Enter Harvey Hubbell, an avid inventor who had already filed numerous patents, including one for a switch for the Edison bulb in 1891 and ones for improving the production of screw threads and for slotting screw heads. His first runaway success, however, was an 1896 patent for the “pull socket” (essentially the same pull-chain switch used today), which soon became the most common electrical control device in homes.
Others were inventing a range of ways to connect a vast number of newly invented household appliances, such as electric fans, vacuum cleaners, and clothing irons. But there were no standards, and many early appliances initially needed to be hard-wired or had a variety of plug configurations to fit known proprietary receptacles. Without any standards, though, it soon became apparent to most appliance manufacturers that these early plug options vastly limited market share, and many appliance makers settled on providing screw plugs at the end of the cords that would fit the ubiquitous light socket.

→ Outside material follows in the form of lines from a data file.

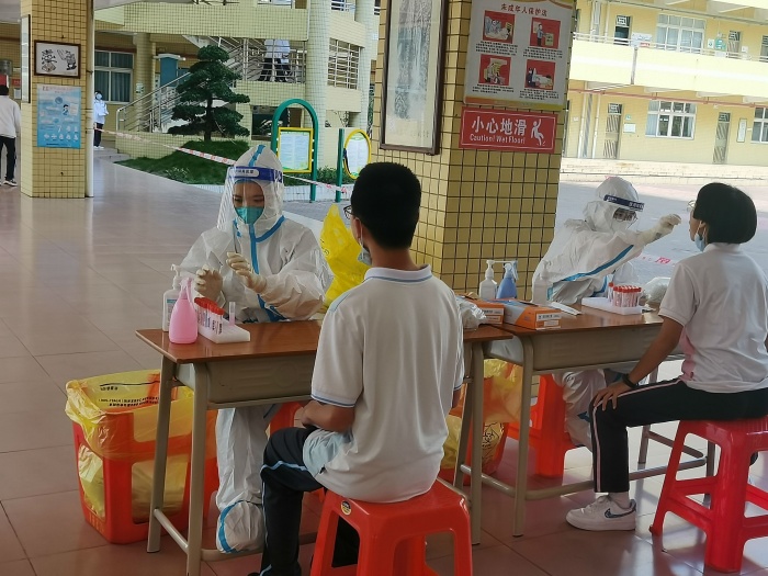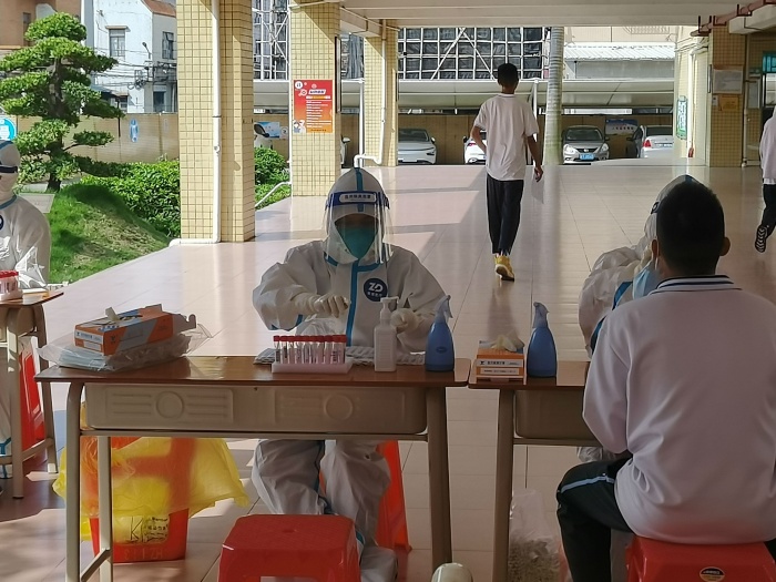 在正式開始檢測前一個小時,橫欄中學采樣點所有工作人員、醫(yī)務人員及教師志愿者就已全部到崗到位,橫欄中學總務處黃富榮主任現(xiàn)場指揮調(diào)度,統(tǒng)籌協(xié)調(diào)安排物資和人員;醫(yī)務人員、志愿者、收樣員和醫(yī)廢處置員在指定區(qū)域穿戴防護服;志愿者們有的在查驗前來做核酸檢測的師生的健康碼、行程碼,有的在給師生登記核酸檢測信息,橫欄中學全體師生積極配合、排隊有序,全體工作人員業(yè)務嫻熟、耐心細致,現(xiàn)場秩序井然,核酸檢測工作高效順利開展,截止上午11點,圓滿完成既定采樣任務。
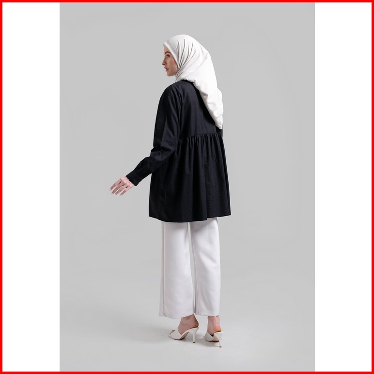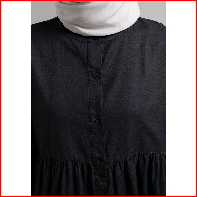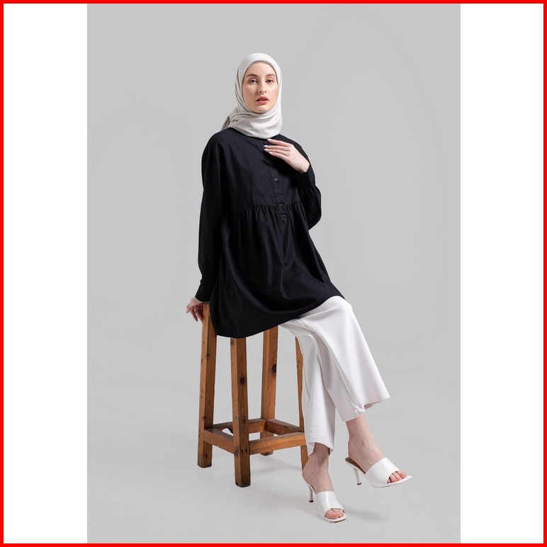 Hanna Tunik Isla Wanita Atasan Hijab Katun Soft Linen Hitam 011022
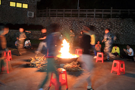 虽说军训生活按部就班,规律得让人觉得枯燥,但学员们在闲暇时间里积极开展文娱和义务劳动,举办拓展训练、篝火晚会、收看海霞主题电影等活动,在单调中增添了许多精彩。
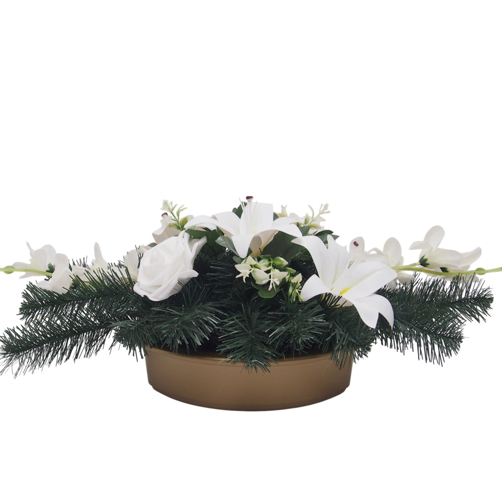 Selyemvirágok száraz oázisba tűzdelve, alatta beton nehezéknek, mű tálban.
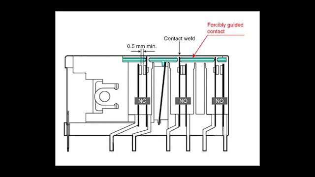 [4m:42s] One of the main differences and one of the defining characteristics of safety relays is the fact that they use force guided contacts.
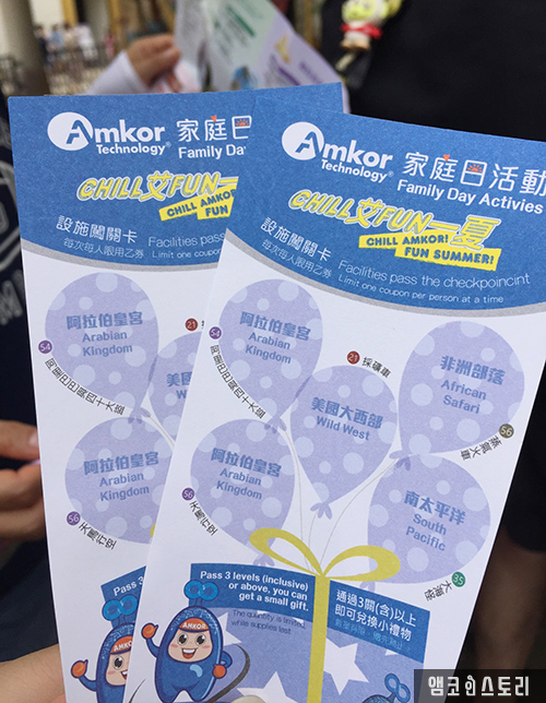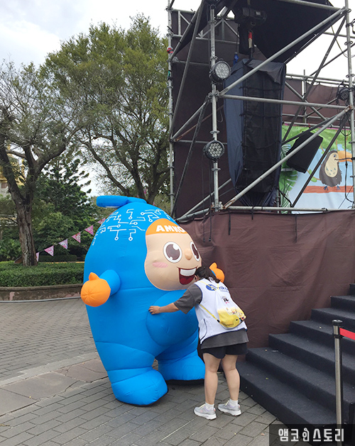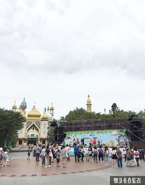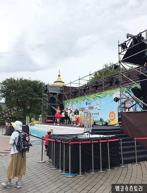 테마파크 입구에 서 있는 간이 조형물이 눈에 띄네요. 안내 마크를 따라 가보니 중앙광장에서 행사 준비를 하고 있습니다. ATT 사원 가족들도 꽤 모였습니다. 진행자의 안내에 따라 아이들이 율동도 하고 선물도 받습니다.
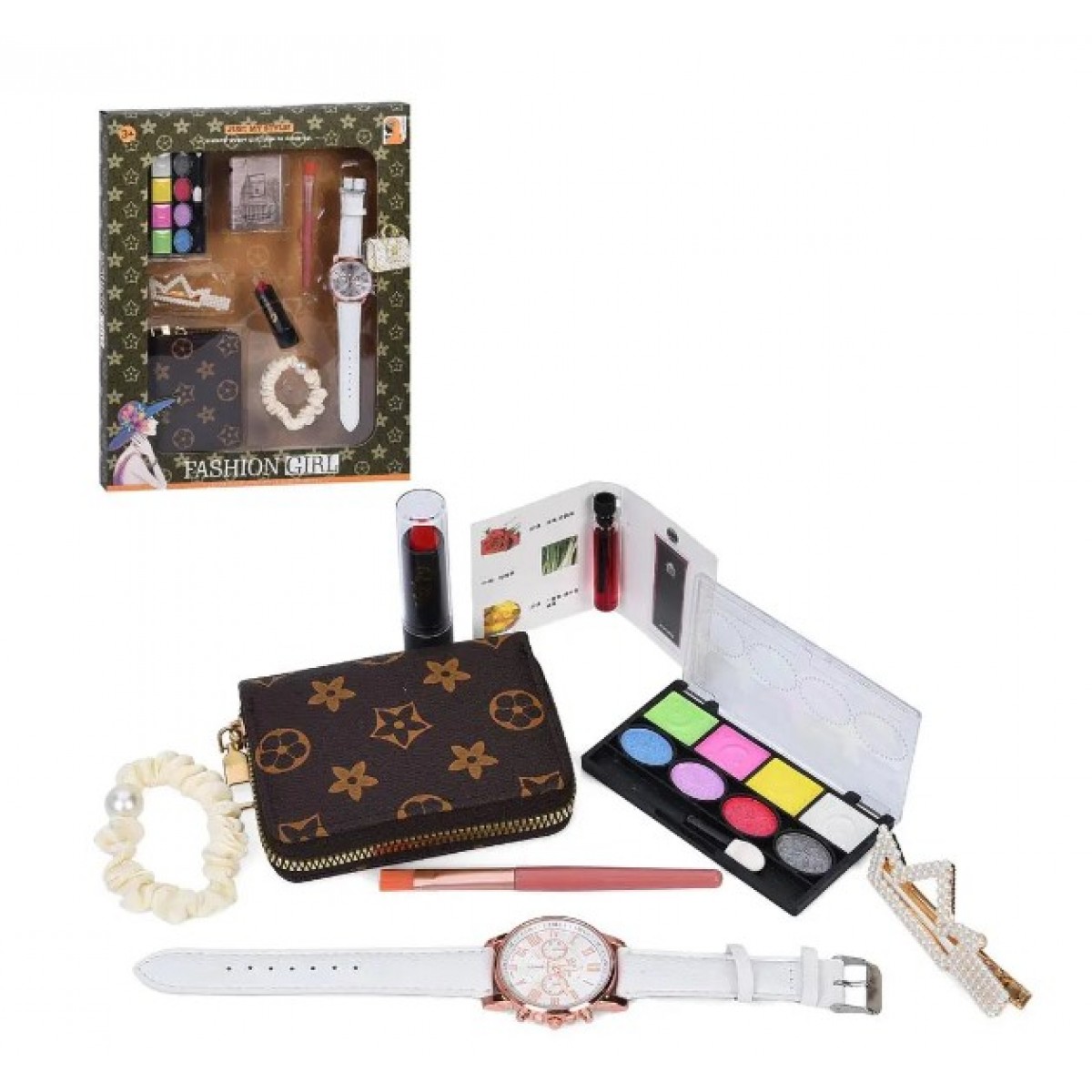 Игровой набор K1 включает в себя тени, помаду, часы на батарейках, резинку для волос, заколку и кошелек. Упакован в коробку для удобного хранения и игры.
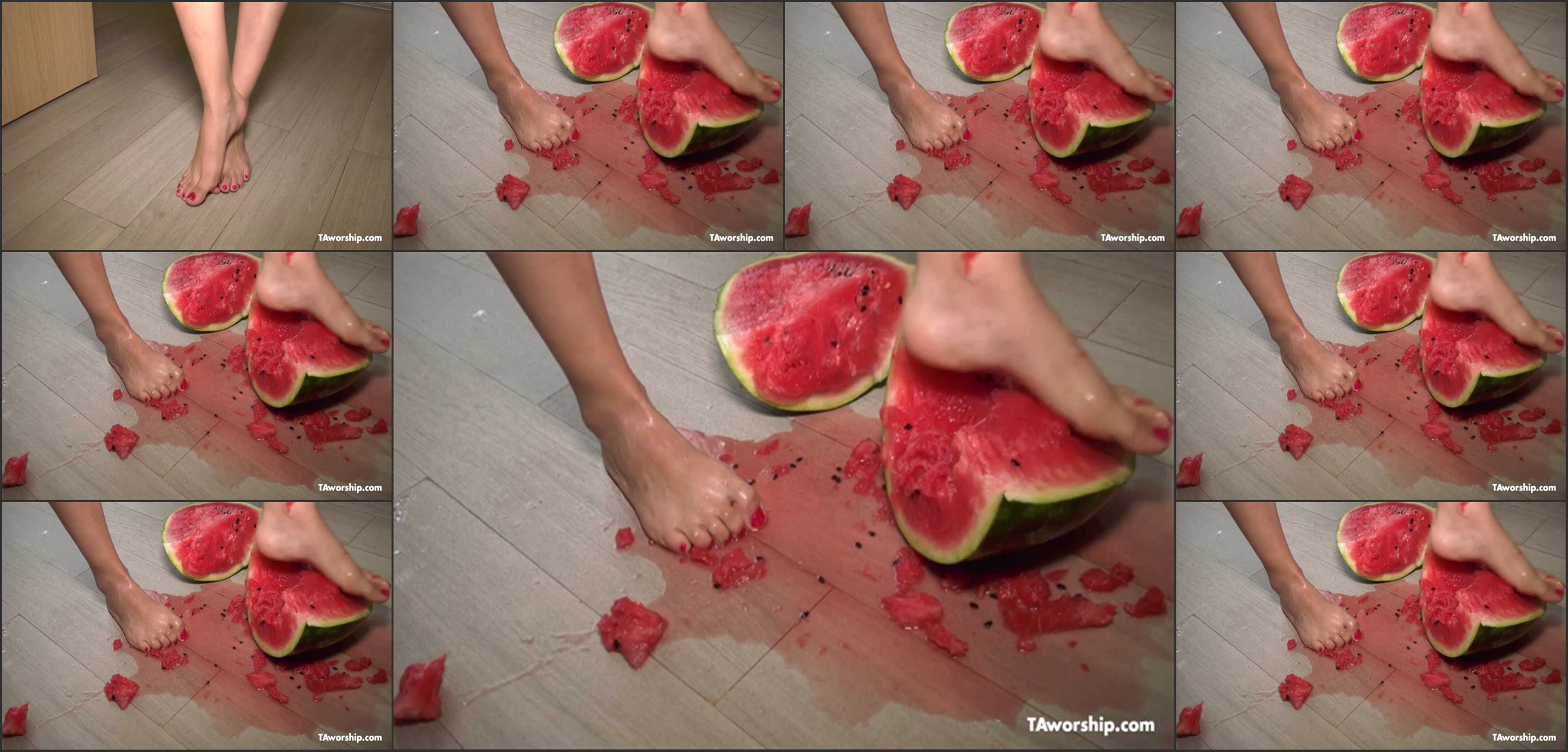 Taworship.com- Amber crushes a watermelon
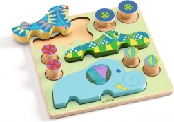 Entdecken Sie das verspielte Einlegepuzzle mit Tieren in Autos von Djeco. Die Teile sind an kleine Kinderhände angepasst, haben glatte Kanten und ansprechende Farben, die die Wahrnehmung von Formen und Farben fördern. Nach dem richtigen Einsetzen der Teile kann sich das Puzzle „in Bewegung setzen“, was eine zusätzliche Dimension des Spielspaßes bringt.

With the market headed this direction, Hubbell saw an opportunity for “separable plugs”—a base that could screw into a light socket and a mating plug on the appliance cord. Hubbell resisted working with the fledgling National Electric Code (first formed in 1897) to set a standard for the plug type. Instead, he set his own standard by the sheer force of controlling market share, aiming first at products that offered practical convenience, and then streamlining production to make them as quickly and inexpensively as possible.
First, he adapted the round-pin plugs common in Europe at the time (as now), patenting one with annular detents on it, similar to a modern headphone jack, so it would stay plugged in to an overhead socket. To win the market, he drove to make more units: He simplified the manufacturing of the pins by making them flat blades with detents on the edges to help them “key” into the screw-in base. The first versions had in-line (tandem) blades. In 1912, he submitted a patent for a separable plug with flat blades rotated 90 degrees, which helped streamline production.
To ensure he could accommodate all plugs (most of which he had by then sold), he patented a T-slot base to accept both tandem and parallel blades. He patented this as a single plug in 1915, and in 1916, he patented it as a “duplex” (for two plugs), followed by a polarized version the same year. By then, his company had sold more than 15 million separable plugs. When a National Electrical Manufacturing Association (NEMA) eventually formed in 1926, it adopted Hubbell’s parallel blade design as the U.S. general service electrical plug standard.